Vulnerable children should be given free school meals and all pupils leaving education should know how to cook at least 10 dishes, Jamie Oliver has said.
The TV chef also called for children to be protected from junk food advertising – a move endorsed by Henry Dimbleby, the British businessman and co-founder of food chain Leon.
Speaking at the Future of Britain conference, sugar tax campaigner Mr Oliver laid out his three priorities for improving the health of Britain’s children.
He highlighted London Mayor Sadiq Khan’s plan to make school meals freely available to all primary-aged pupils for 2023/24, a policy the chef suggested should be replicated across England.
In February, Labour’s Mr Khan said a one-off £130 million programme, which comes into effect from September, would help struggling households amid the cost-of-living crisis.
Funded by additional business rates income, it is estimated the move will help around 270,000 primary school pupils and save families in London around £440 per child across the year.
Currently, households in England receiving universal credit must earn below £7,400 a year before benefits and after tax to qualify for free school meals.
Discussing his three proposals for improving Britain’s health, Mr Oliver said it was “profoundly important” for the most vulnerable children in the country to receive free school meals.
The 48-year-old said: “As a country, as a team, we have to protect those children. We have to get that over the line.
“Mayor Sadiq is actually doing it… local people like up in York are doing it, in Wales you get it, in Scotland you get it. England is the meanest.”
Asked what he would say to politicians in power about his free school meals proposal, he replied: “Just fix it, it is easy, get it done, crack on.”
Outlining his other priorities, the British chef said the country needed to “protect our children against junk food advertising”.
He added: “And if I had a wish for all of your children, it would be that every child left school knowing how to cook 10 recipes to save their life.”
During his conversation on Tuesday, hosted by broadcaster Emily Maitlis, he also criticised the impact of energy drinks, telling the conference he had been at schools and found that an “unbelievable” number of children were consuming the beverages for breakfast.
The so-called Naked Chef said that was despite warnings on the labels of some energy drinks saying they should not be sold to children.
“Energy drinks have the power to make a class less intelligent,” he warned.
“Every day I think about this, every day I worry about this and it can be fixed – it is all very doable.”
Mr Oliver said voluntary action from the food sector “doesn’t work” as he called for greater intervention from ministers.
He said there was “relentless” advertising on TV and online aimed at school pupils as he called for stronger rules on marketing campaigns.
Speaking ahead of the TV chef, Mr Dimbleby, who produced a National Food Strategy for the UK Government last year, said more Government intervention was required to regulate the advertising market and help fix Britain’s “broken” food system.
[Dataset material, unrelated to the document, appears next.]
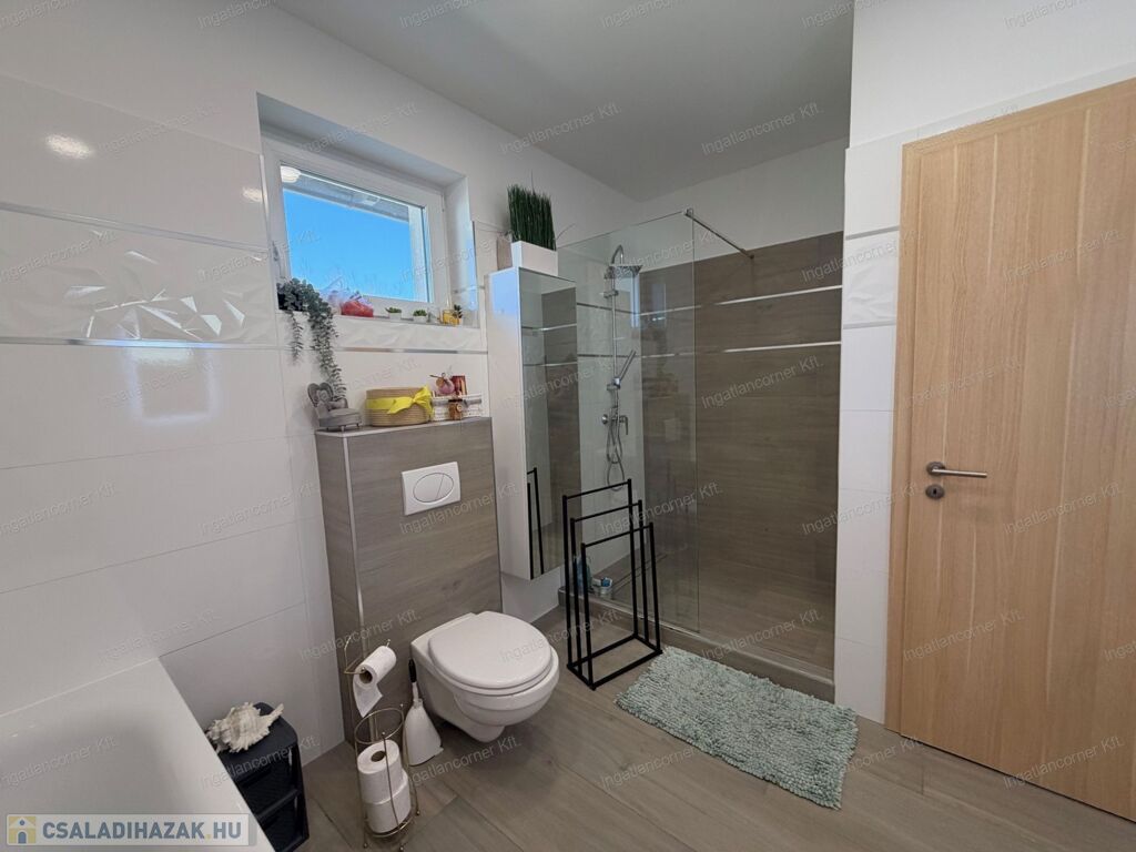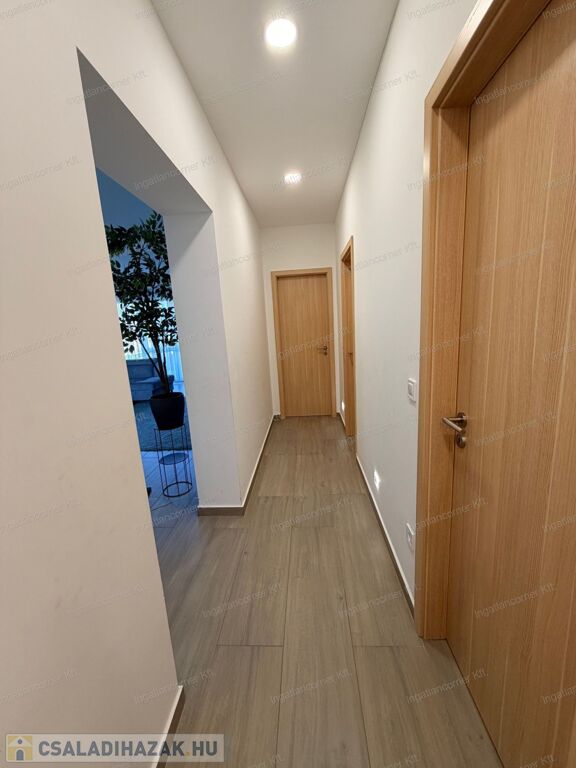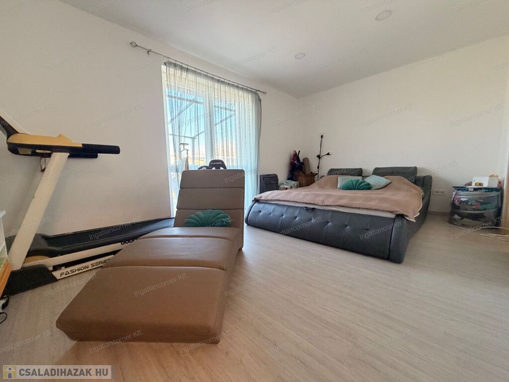 Alapterület 168m2 melyből 105 m2 a hasznos alapterület a terasz 21m2-es amiből 16m2 fedett rész. A dupla elektromos kapuval ellátott garázs 42m2.

Mr Dimbleby said both consumers and the food industry were “stuck” in a “junk food cycle” that only regulation could break.
He said: “If one company stops developing and selling unhealthy foods, their competitors will simply do it for them and hoover up the products, the profits.
“They are caught in a junk food arms race and it is too commercially dangerous for any of them to disarm unilaterally.
“Unless the Government intervenes to stop them, each company will keep dreaming up ever more shameless ways to fill our shopping baskets with cheap, profitable, sugary junk.”
He said the “junk food cycle” entailed “huge food companies slugging it out at children’s eye height on the supermarket shelf and making us sick in the process”.
“Individual willpower alone is not enough to break the junk food cycle. It needs Government intervention,” said Mr Dimbleby.
He said an “obvious move” would be to restrict the promotion of junk food to children.
The campaigner highlighted that the Conservative Government had pledged to act but said that “under pressure from corporate lobbyists and the libertarian brigade”, ministers had “repeatedly kicked the legislation into the long grass”.
He said his strategy had also recommended a £3 billion “sugar and salt reformulation tax”, which he said modelling suggested could trim 15-38 calories off the average daily intake.
He argued that even small interventions could have a major impact, stating that on average, it would take a reduction of only 25 calories per person a day to “stop weight gain all together at a national level”.
The money raised from the new tax would go towards helping less well off families to buy fresh produce and to fund cooking lessons, he said.
Mr Dimbleby argued that politicians had shied away from acting on the question of taxing unhealthy food as they are “afraid to be seen as interfering or judgmental”.